→ Directions for this task:
Exact transcription begins at the first line of the material below and ends with the line holding "Here is an American"; pictures are skipped.

→ Source data:

-- Opening Marker --

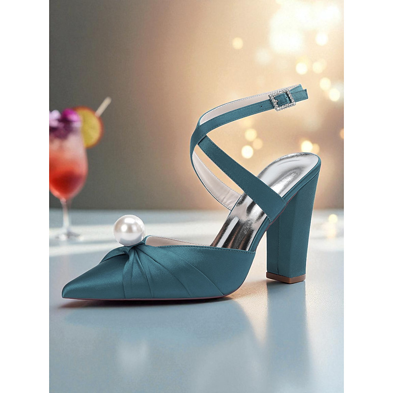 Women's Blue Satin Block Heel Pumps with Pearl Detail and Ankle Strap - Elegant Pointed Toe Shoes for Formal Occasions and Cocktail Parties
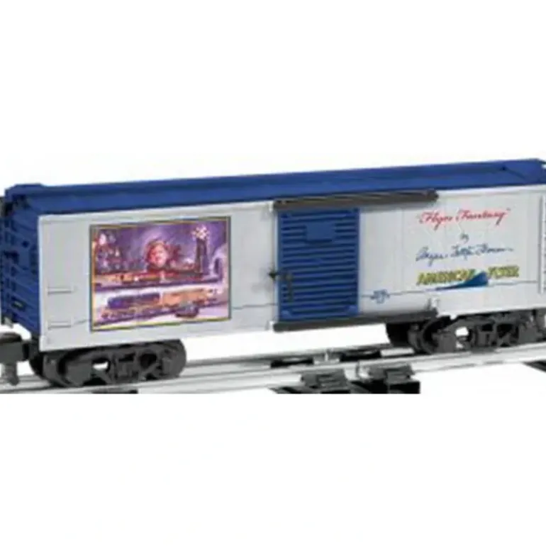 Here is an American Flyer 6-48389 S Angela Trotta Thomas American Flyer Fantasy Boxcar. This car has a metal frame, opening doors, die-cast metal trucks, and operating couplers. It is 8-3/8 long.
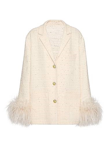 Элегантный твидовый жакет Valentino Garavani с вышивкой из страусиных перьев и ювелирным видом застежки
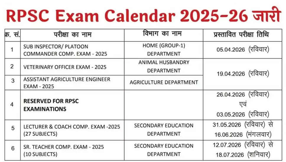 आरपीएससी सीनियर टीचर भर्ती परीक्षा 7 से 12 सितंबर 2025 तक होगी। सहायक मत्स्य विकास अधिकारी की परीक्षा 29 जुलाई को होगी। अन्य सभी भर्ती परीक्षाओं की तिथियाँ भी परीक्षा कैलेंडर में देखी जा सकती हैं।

-- Closing Marker --

→ Response below:
 Women's Blue Satin Block Heel Pumps with Pearl Detail and Ankle Strap - Elegant Pointed Toe Shoes for Formal Occasions and Cocktail Parties
 Here is an American Flyer 6-48389 S Angela Trotta Thomas American Flyer Fantasy Boxcar. This car has a metal frame, opening doors, die-cast metal trucks, and operating couplers. It is 8-3/8 long.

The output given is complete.